A measure currently pending in the California Legislature, and garnering wide bipartisan support, would provide that prohibited employment discrimination based on race under the Fair Employment and Housing Act (FEHA) also includes discrimination based upon hair texture and hairstyles. If enacted into law, this bill will require California employers to re-evaluate workplace grooming standards applicable to their work sites in order to ensure compliance with the law.

The legislation, Senate Bill 188 by Senator Holly Mitchell (D-Los Angeles) specifically amends the definition of “race” under FEHA to include “traits historically associated with race, such as hair texture and protective hairstyles,” including “braids, locks, and twists.” The legislation was recently amended to address similar discrimination in the public school education context.

According to the author and supporters of the proposal, the legislation is necessary because societal stereotypes that define European features as the norm for “professionalism” disproportionately impact persons of color, especially African-Americans.

This is an issue that has garnered national attention of late.
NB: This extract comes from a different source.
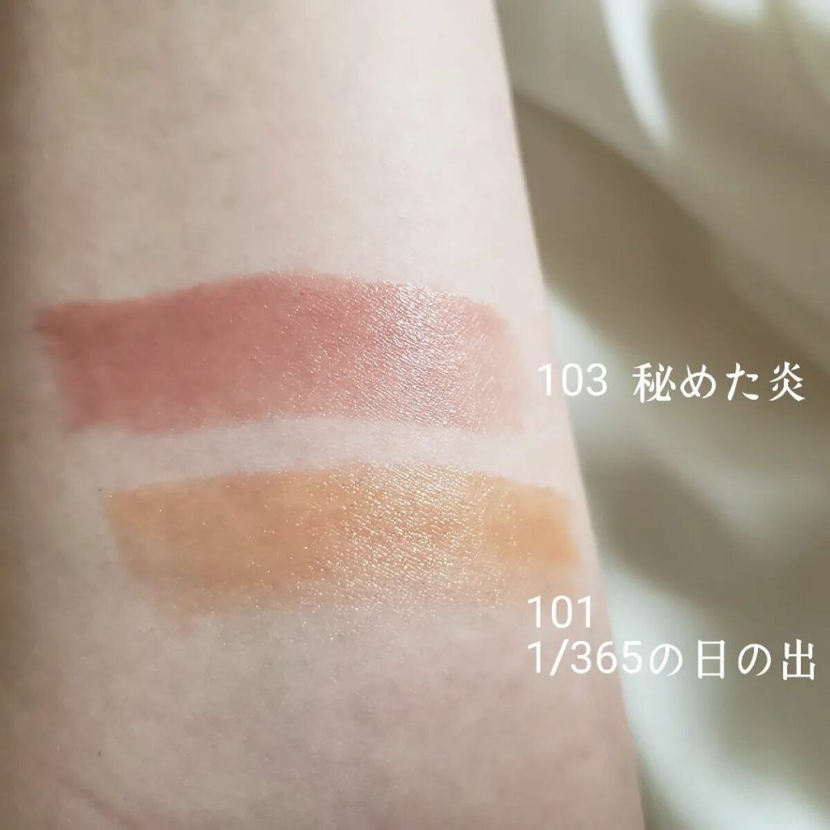 103秘めた炎 みんな狙ってたんじゃないでしょうか。 101 1/365の日の出 【14憧れの日光浴】にラメ足しただけでしょ、 ラメはミニ限定で迷惑な存在ってわかったから買う必要無しって思ってたけど、実際つけたら全然ラメ砂利しないし、ラメが繊細で目立たない。

In February, the New York City Human Rights Commission issued new guidance that stated “grooming or appearance policies that ban, limit, or otherwise restrict natural hair or hairstyles associated with Black people generally violate [the City’s] anti-discrimination provisions.”

Federal courts have also evaluated these issues under federal employment discrimination law. For example, in 2016, the 11th Circuit Court of Appeals ruled on a case involving an individual who was denied employment based on having her hair done in “locks.” EEOC v. Catastrophe Mgmt. Sols. (11th Cir. 2016). In that case, the court held that “discrimination on the basis of black hair texture (an immutable characteristic) is prohibited by Title VII [federal discrimination law], while adverse action on the basis of black hairstyle (a mutable choice) is not.”
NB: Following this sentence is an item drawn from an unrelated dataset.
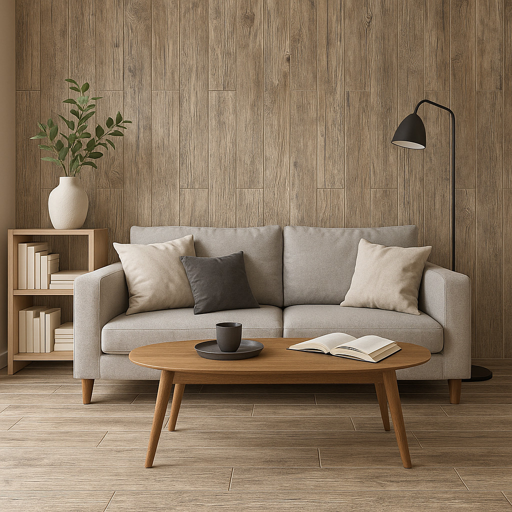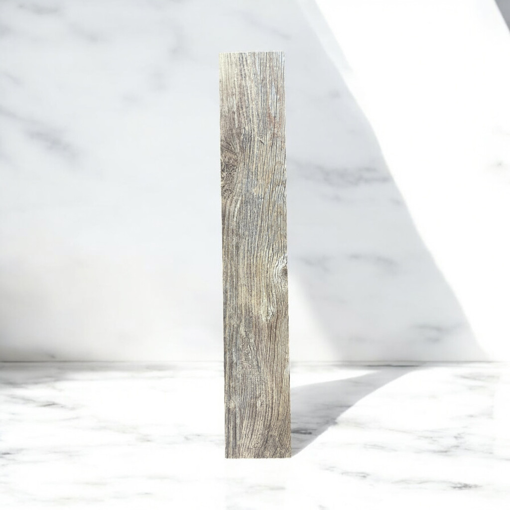 Ez a rusztikus erezetű lap igazi melegséget visz a térbe – akár a padlón, akár egy teljes falfelületen alkalmazva. A természetes fa mintázat ereje elegáns, mégis otthonos összhatást ad. Tökéletes választás nappaliba, olvasósarokba vagy egy modern kabinhangulat megteremtéséhez.

While these cases are not binding legal precedent on employers in California (and a court with jurisdiction over the state could interpret federal law differently), critics of those court decisions have argued that SB 188 is necessary to ensure that California’s employment discrimination laws provide protections to employees with such hair texture and hairstyles.
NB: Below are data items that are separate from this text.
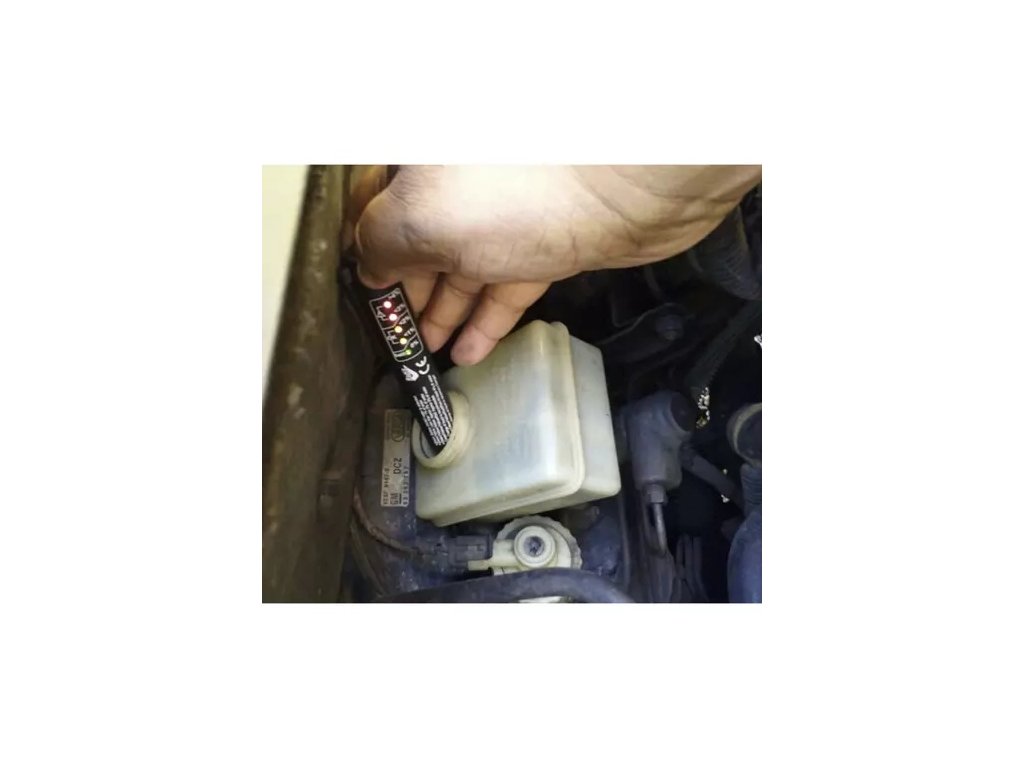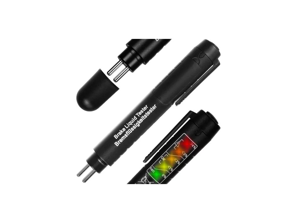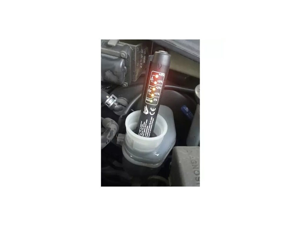 - PŘESNÝ - princip činnosti testeru je založen na měření obsahu vody v brzdové kapalině. Stačí ponořit elektrody do kapaliny . Díky přesnému měření pomocí indikátorů v podobě 5 LED diod, můžete si být jisti, že získáte přesné měření hladiny vody v brzdové kapalině.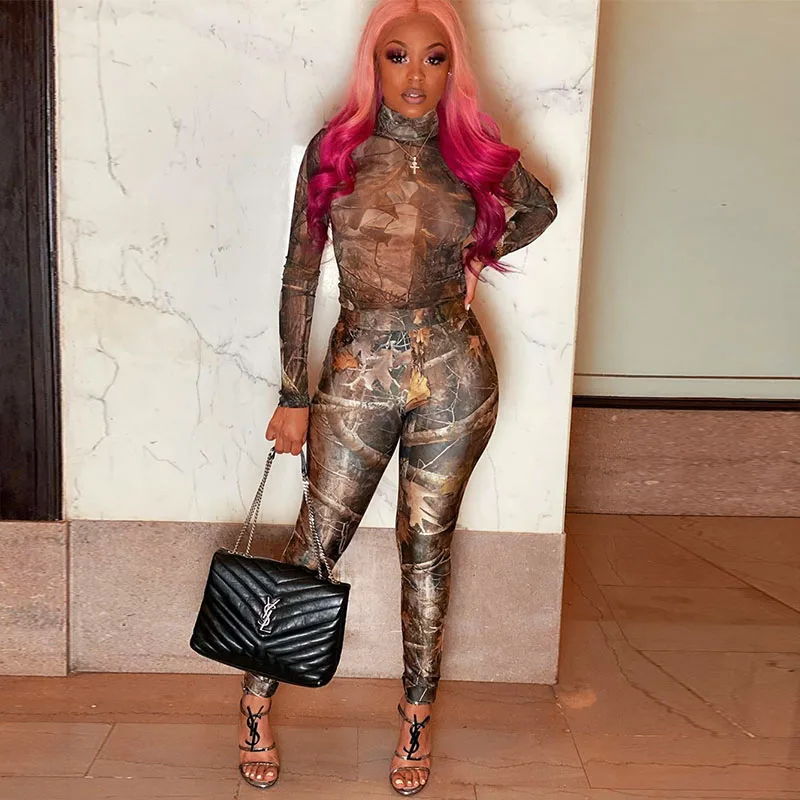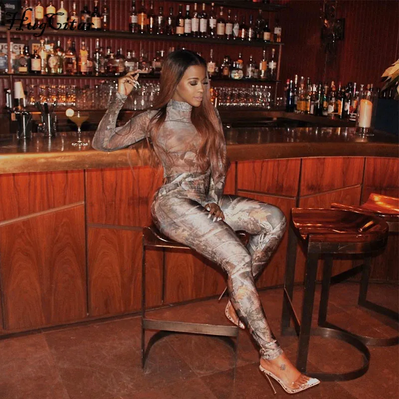 Женский спортивный костюм Hugcitar, боди с длинным рукавом и винтажным принтом, леггинсы, Осень-зима 2020, Y2K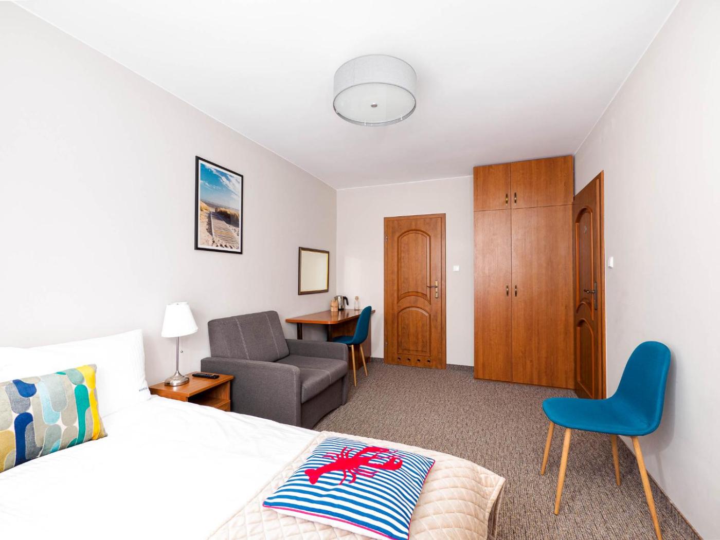 Pokój Dwuosobowy z balkonem. This double room features a private bathroom, an electric kettle, heating as well as a balcony. The unit offers 1 bed. Pokój Dwuosobowy - 1 osobowy. Powierzchnia pokoju ok.: 17 mkw.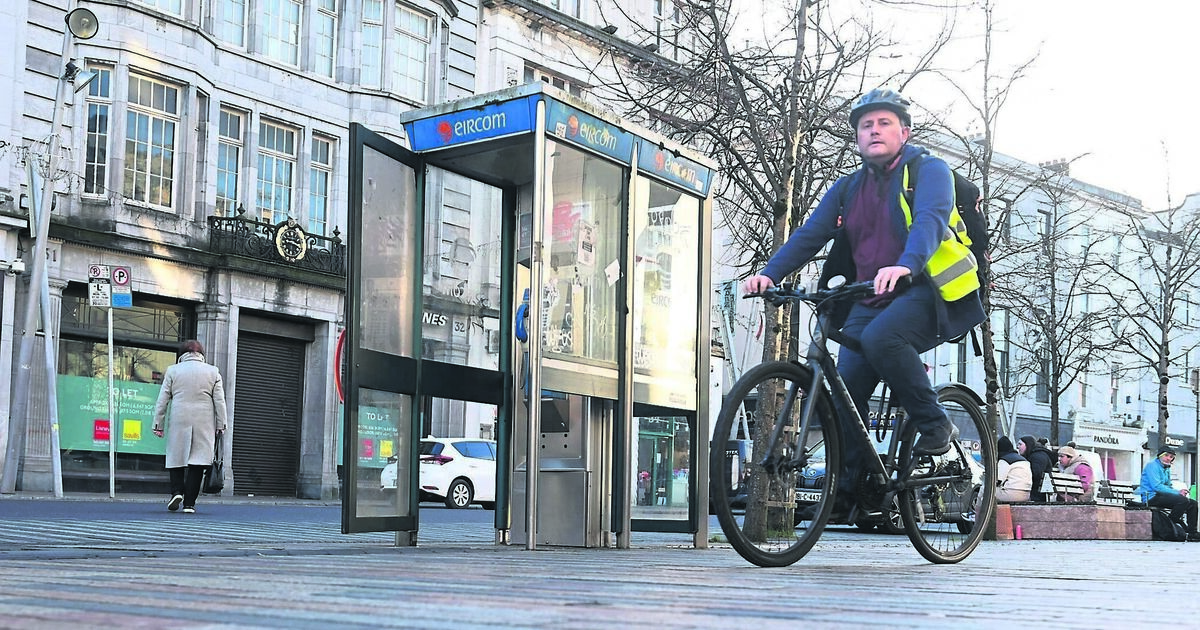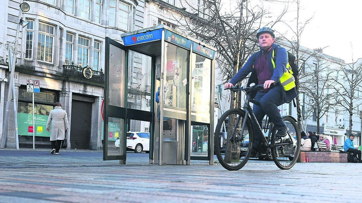Telephone boxes on Patrick Street in Cork city. They used to be hugely important areas of contact, but few of them now remain in the era of the mobile phone. Picture: Larry Cummins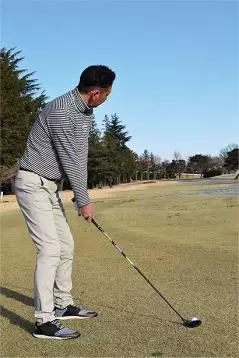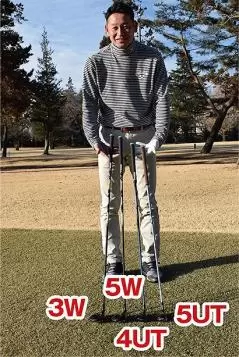 - シャフトが長いフェアウェイウッドはボールから離れて立つ感じとなり、短いユーティティクラブはフェアウェイウッドよりもボールの近くに立って構える
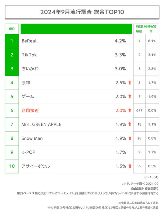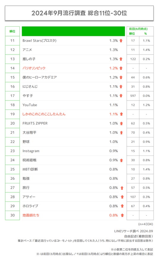 「LINEリサーチ」では、全国の15~24歳の若年層の男女を対象に、四半期ごとに最近の流行についてアンケート調査(自由記述形式)を実施しています。この度は、2024年9月の調査結果をお知らせします。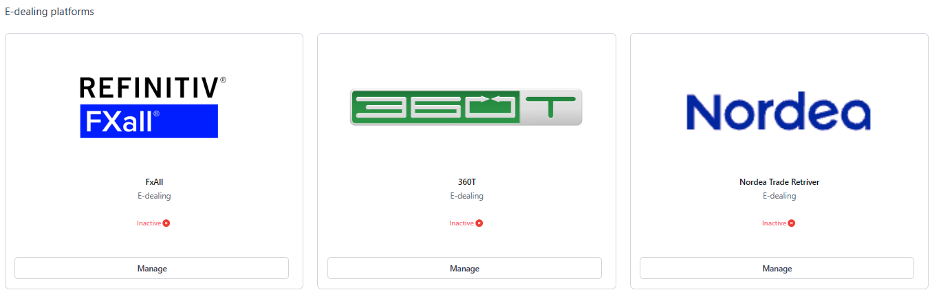 You can create new agreements either manually or by importing them from FX dealing platforms like FxAll, 360T, or Nordea. These platforms are integrated under 'User Profile - Integrations':

The legislative process is still in its early stages, so SB 188 could be amended significantly before it reaches Governor Newsom’s desk. Nevertheless, California employers are likely curious as to the potential impact such a proposal might have on their policies and procedures should it be enacted into law. Again, while the bill may be further amended, a recent legislative committee analysis of the measure stated:

“This does not at all mean that, if SB 188 were enacted, employers would lose the ability to make and enforce grooming policies. So long as those rules are imposed for valid, non-discriminatory reasons, have no disparate impact, and are uniformly applied, such rules are legal now and would remain so under this bill…What would change under SB 188 is that an employer could not have an explicit policy against wearing [locks], twists, braids, or other protective hairstyles.”

California employers should monitor SB 188 closely, and consult with legal counsel if the bill becomes law to ensure that any workplace grooming or appearance standards comply with any new requirements or prohibitions.

As noted above, SB 188 has received significant bipartisan support, and recently passed the State Senate by a 37-0 vote. While Governor Newsom has not yet taken a position on the bill, it seems likely that the measure will be enacted into law.